* [What is being asked] Below are some records. Retype exactly the lines from the one containing "বৈরী আবহাওয়া ও" through the one containing "MC Anh Quân", both included, skipping every picture.

* [Source data]
▬▬▬▬▬▬

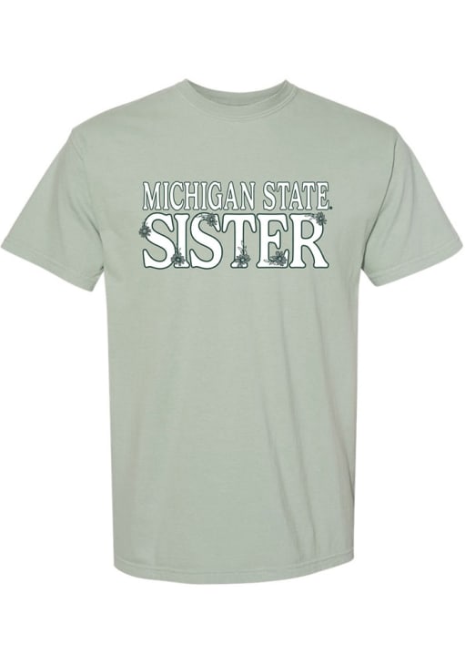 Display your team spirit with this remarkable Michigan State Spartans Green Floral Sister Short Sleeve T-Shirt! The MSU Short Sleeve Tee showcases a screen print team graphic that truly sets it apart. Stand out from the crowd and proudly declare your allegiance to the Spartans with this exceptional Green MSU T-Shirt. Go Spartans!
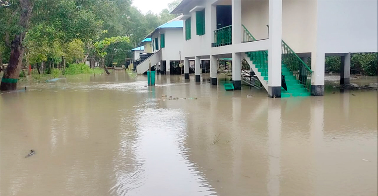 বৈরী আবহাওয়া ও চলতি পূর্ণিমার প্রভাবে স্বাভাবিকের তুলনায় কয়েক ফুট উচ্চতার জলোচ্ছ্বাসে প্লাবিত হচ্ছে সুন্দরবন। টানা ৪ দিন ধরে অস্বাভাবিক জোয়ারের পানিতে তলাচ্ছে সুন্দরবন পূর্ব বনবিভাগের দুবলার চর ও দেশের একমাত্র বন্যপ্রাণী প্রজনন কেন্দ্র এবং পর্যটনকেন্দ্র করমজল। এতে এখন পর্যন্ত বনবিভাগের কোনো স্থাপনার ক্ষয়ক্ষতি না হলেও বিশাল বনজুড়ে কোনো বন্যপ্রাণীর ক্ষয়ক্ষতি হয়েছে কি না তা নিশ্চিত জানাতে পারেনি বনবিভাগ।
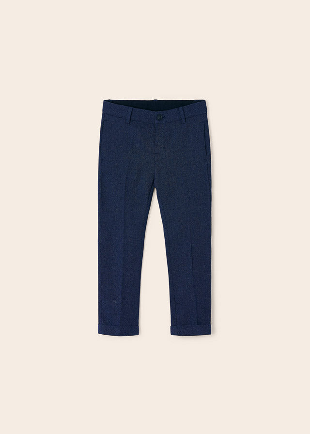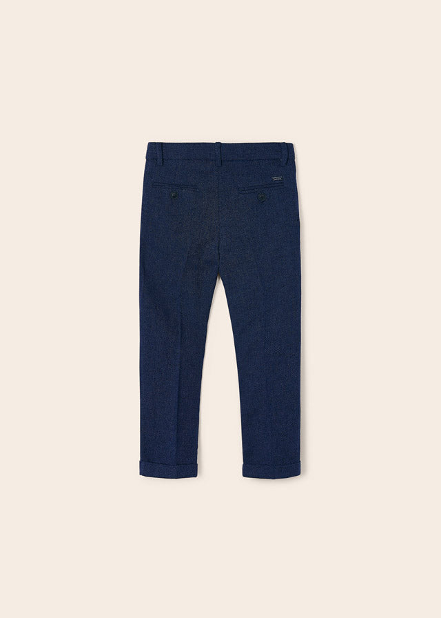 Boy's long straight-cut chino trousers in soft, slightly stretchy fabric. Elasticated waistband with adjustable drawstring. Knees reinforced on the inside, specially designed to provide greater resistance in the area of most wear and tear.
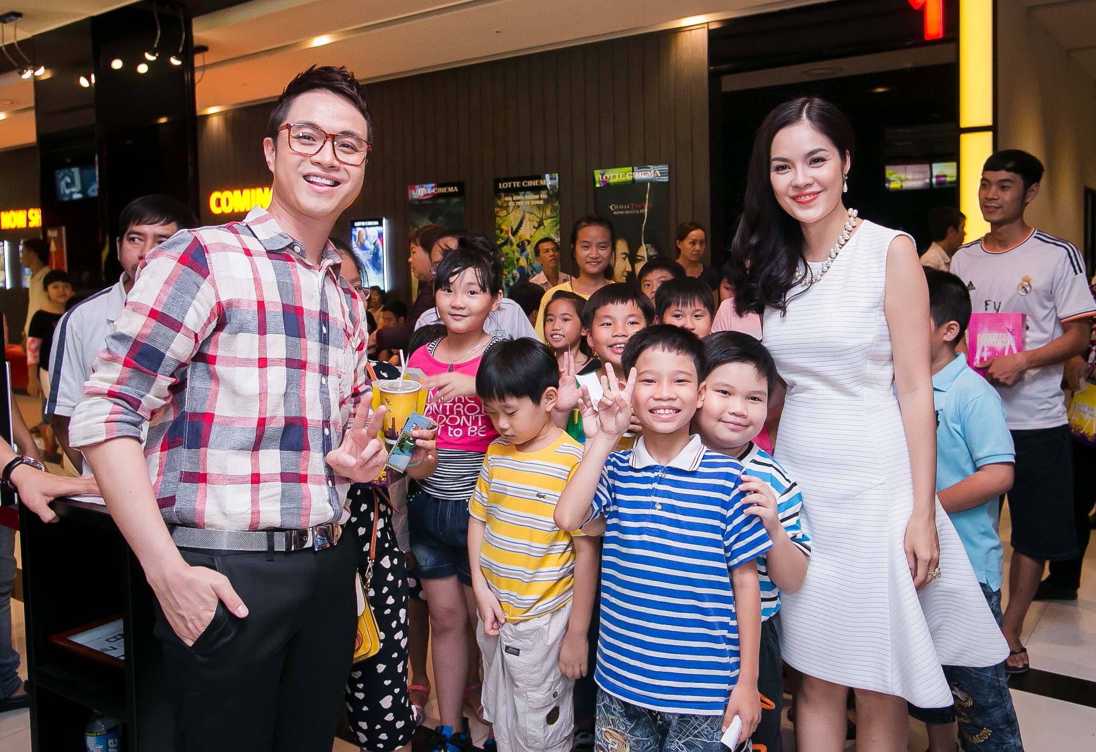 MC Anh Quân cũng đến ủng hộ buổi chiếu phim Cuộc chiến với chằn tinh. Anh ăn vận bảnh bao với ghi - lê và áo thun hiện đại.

▬▬▬▬▬▬

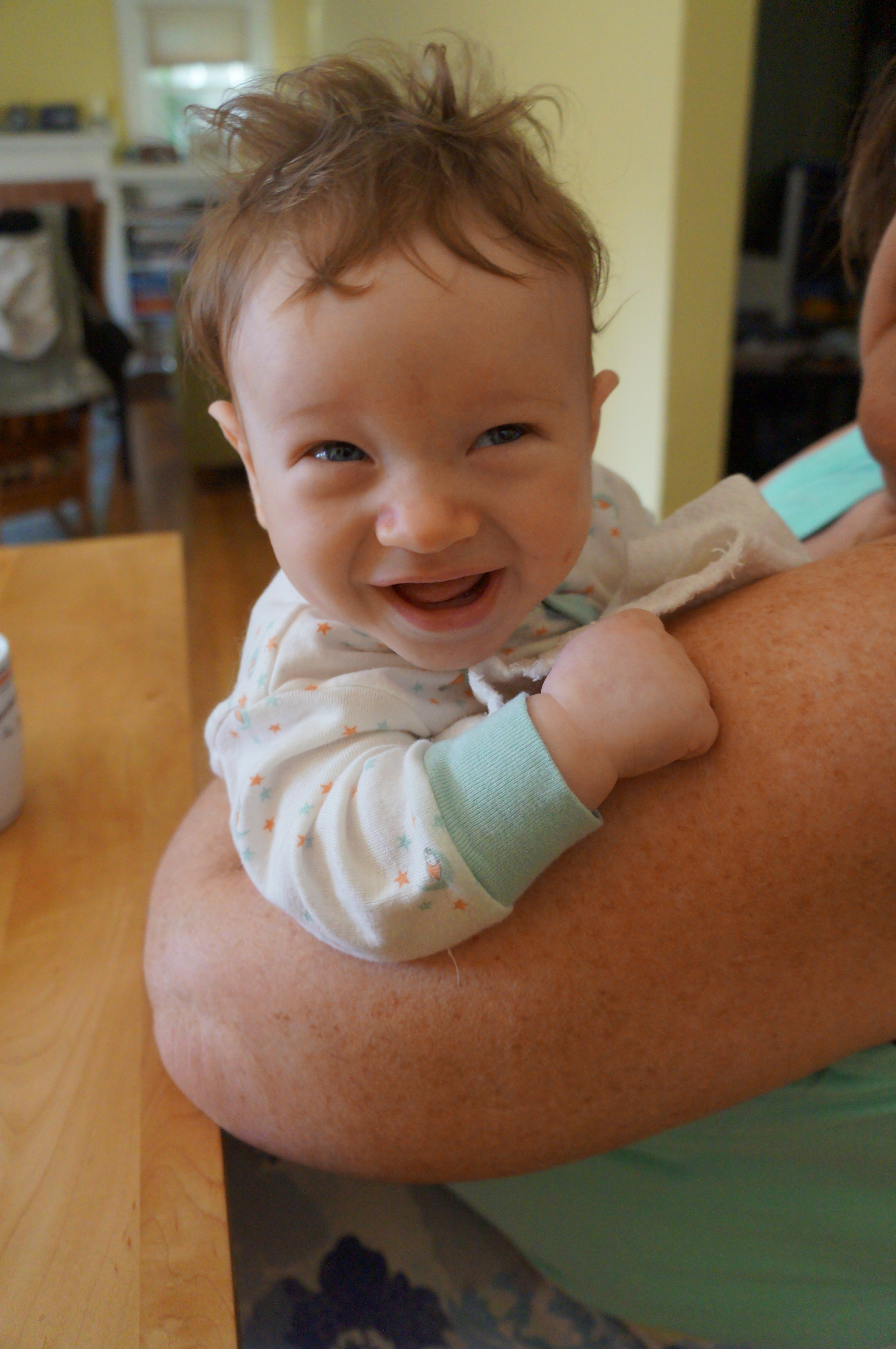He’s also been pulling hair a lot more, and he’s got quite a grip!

▬▬▬▬▬▬

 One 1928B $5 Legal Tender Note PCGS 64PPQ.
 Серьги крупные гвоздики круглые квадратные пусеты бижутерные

▬▬▬▬▬▬

* [Result]
 বৈরী আবহাওয়া ও চলতি পূর্ণিমার প্রভাবে স্বাভাবিকের তুলনায় কয়েক ফুট উচ্চতার জলোচ্ছ্বাসে প্লাবিত হচ্ছে সুন্দরবন। টানা ৪ দিন ধরে অস্বাভাবিক জোয়ারের পানিতে তলাচ্ছে সুন্দরবন পূর্ব বনবিভাগের দুবলার চর ও দেশের একমাত্র বন্যপ্রাণী প্রজনন কেন্দ্র এবং পর্যটনকেন্দ্র করমজল। এতে এখন পর্যন্ত বনবিভাগের কোনো স্থাপনার ক্ষয়ক্ষতি না হলেও বিশাল বনজুড়ে কোনো বন্যপ্রাণীর ক্ষয়ক্ষতি হয়েছে কি না তা নিশ্চিত জানাতে পারেনি বনবিভাগ।
 Boy's long straight-cut chino trousers in soft, slightly stretchy fabric. Elasticated waistband with adjustable drawstring. Knees reinforced on the inside, specially designed to provide greater resistance in the area of most wear and tear.
 MC Anh Quân cũng đến ủng hộ buổi chiếu phim Cuộc chiến với chằn tinh. Anh ăn vận bảnh bao với ghi - lê và áo thun hiện đại.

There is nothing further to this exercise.